In this lecture, we will explore how Markov chains can be used to derive power rankings for teams from head-to-head competitions. Unlike our rankings derived from Bradley-Terry models, these Markov chain-based rankings cannot immediately be used to estimate the probability of one team beating another. Instead, they are based on mathematical properties of specifically constructed Markov chain models over the state space of teams. These Markov chains model the behavior of a hypothetical”bandwagon” fan who tries to identify the “best” team by randomly switching their support from team \(s\) to team \(s'\) based on how often and/or by how many points team \(s'\) beats team \(s.\) If we simulate a Markov chain modeling the fan’s behavior, we can estimate the relative frequencies with which the fan supports each team. These relatively frequencies immediately give us a rank-ordering of the teams based on how often the bandwagon fan think that they are best.

We begin in Section 2 by illustrating such a Markov chain inWe first

The Random Behavior of a Bandwagon Fan

Imagine a bandwagon fan who randomly switches their support each day between four teams (W, O, M, and C) according to the transition probabilities in Figure 1. For instance, if they currently support W today, tomorrow they will support

  • Team W with probability 0.05 (i.e., they stay at vertex W)
  • Team M with probability 0.05 (i.e., they move from vertex W to vertex M)
  • Team O with probability 0.85 (i.e., they move from vertex W to vertex O)
  • Team C with probability 0.05 (i.e., they move from vertex W to vertex C)

Once the fan selects their new team to support, the process begins again: based on their current favorite team, they pick a new team based on the weights if the outgoing edges from the corresponding vertex in the graph.

Figure 1: Graphical representation of the transition matrix of a fan who randomly choose which team to support

The following code defines a function that simulates the Markov chain describing the fans behavior.

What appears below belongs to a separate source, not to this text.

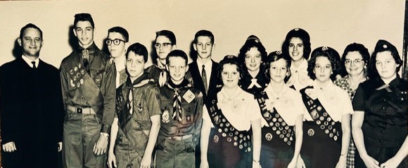 #tbt Dr. Paul Currie represents the First Presbyterian Church as they honor Boy Scouts and Girl Scouts during Scouting Week in the early 1960s.

The function takes three arguments: the starting state (i.e., the team the fan initially supports); the number of iterations to simulate; and the transition matrix \(\boldsymbol{\mathbf{P}}.\) It then returns the relative proportion of times that the chain spends in each state (i.e., how often the fan supports each team).

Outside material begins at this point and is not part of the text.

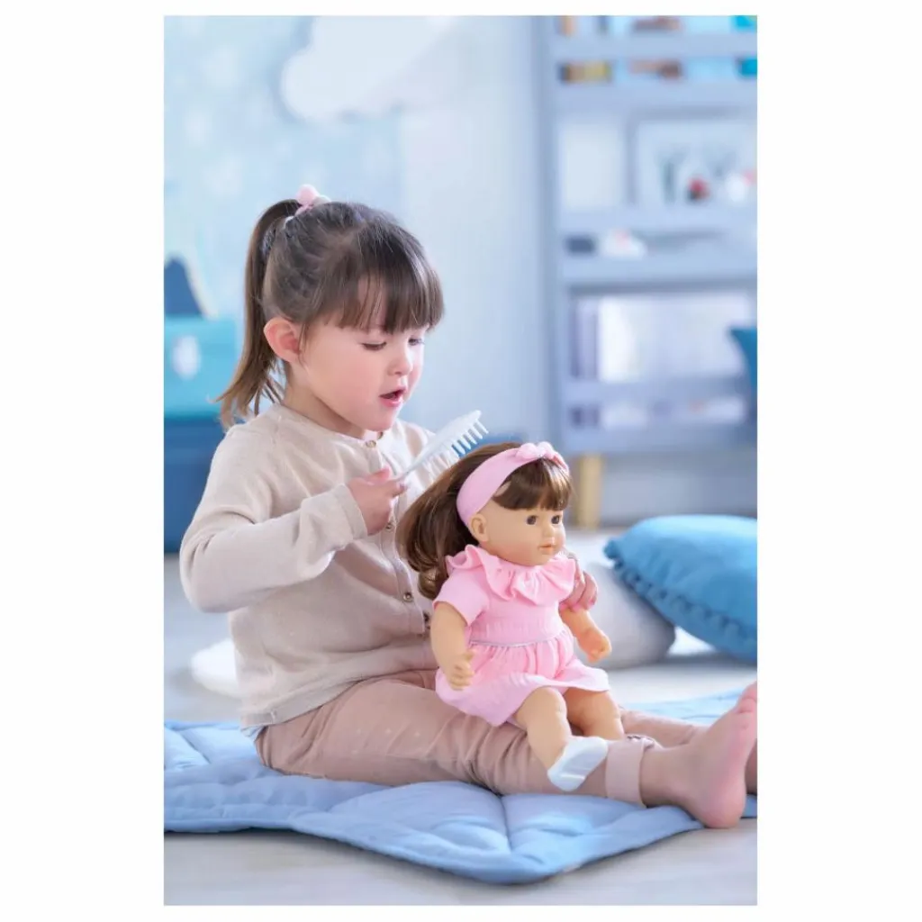Découvrez Julie, le Grand Poupon de 36 cm à coiffer, parfait pour les petites mains ! Avec ses longs cheveux châtains et sa brosse incluse, elle invite aux jeux de coiffure. Son corps souple et léger la rend facile à manipuler, et elle peut même s’asseoir pour plus de possibilités de jeu. Julie séduit par son visage réaliste, sa peau douce au toucher, ses yeux marron dormeurs qui se ferment quand on la couche, et sa délicate senteur de vanille.

fan_walk <- function(init_state, n_iter, P){
  states <- colnames(P)
  states_visited <- rep(NA, times = n_iter)
  states_visited[1] <- init_state
  for(r in 2:n_iter){
    states_visited[r] <- 
      sample(states, size = 1, 
             prob = P[states_visited[r-1],])
  }
  props <- table(states_visited)[states]/n_iter
  return(props)
}

Now we define the matrix \(\boldsymbol{\mathbf{P}}\) correspond to the graph in Figure 1

teams <- c("W", "O", "C", "M")
P <- matrix(c(0.05, 0.85, 0.05, 0.05,
              0.425, 0.075, 0.075, 0.425,
              0.05, 0.85, 0.05, 0.05,
              0.53, 0.32, 0.075, 0.075), 
            byrow = TRUE, nrow = 4, ncol = 4,
            dimnames = list(teams, teams))

set.seed(479)
round(fan_walk(init_state = "W", n_iter = 1e6, P = P), digits = 3)
states_visited
    W     O     C     M 
0.307 0.416 0.066 0.211 
round(fan_walk(init_state = "O", n_iter = 1e6, P = P), digits = 3)
states_visited
    W     O     C     M 
0.307 0.416 0.066 0.211 
round(fan_walk(init_state = "C", n_iter = 1e6, P = P), digits = 3)
states_visited
    W     O     C     M 
0.307 0.416 0.066 0.211 
round(fan_walk(init_state = "M", n_iter = 1e6, P = P), digits = 3)
states_visited
    W     O     C     M 
0.308 0.416 0.066 0.211 

The long-run frequency that the chain spends in each state is remarkably stable: regardless of their initial preference, the fan spends about 30% of their time supporting W; 42% of the time supporting O; 7% of the time supporting C; and 21% of the time supporting M.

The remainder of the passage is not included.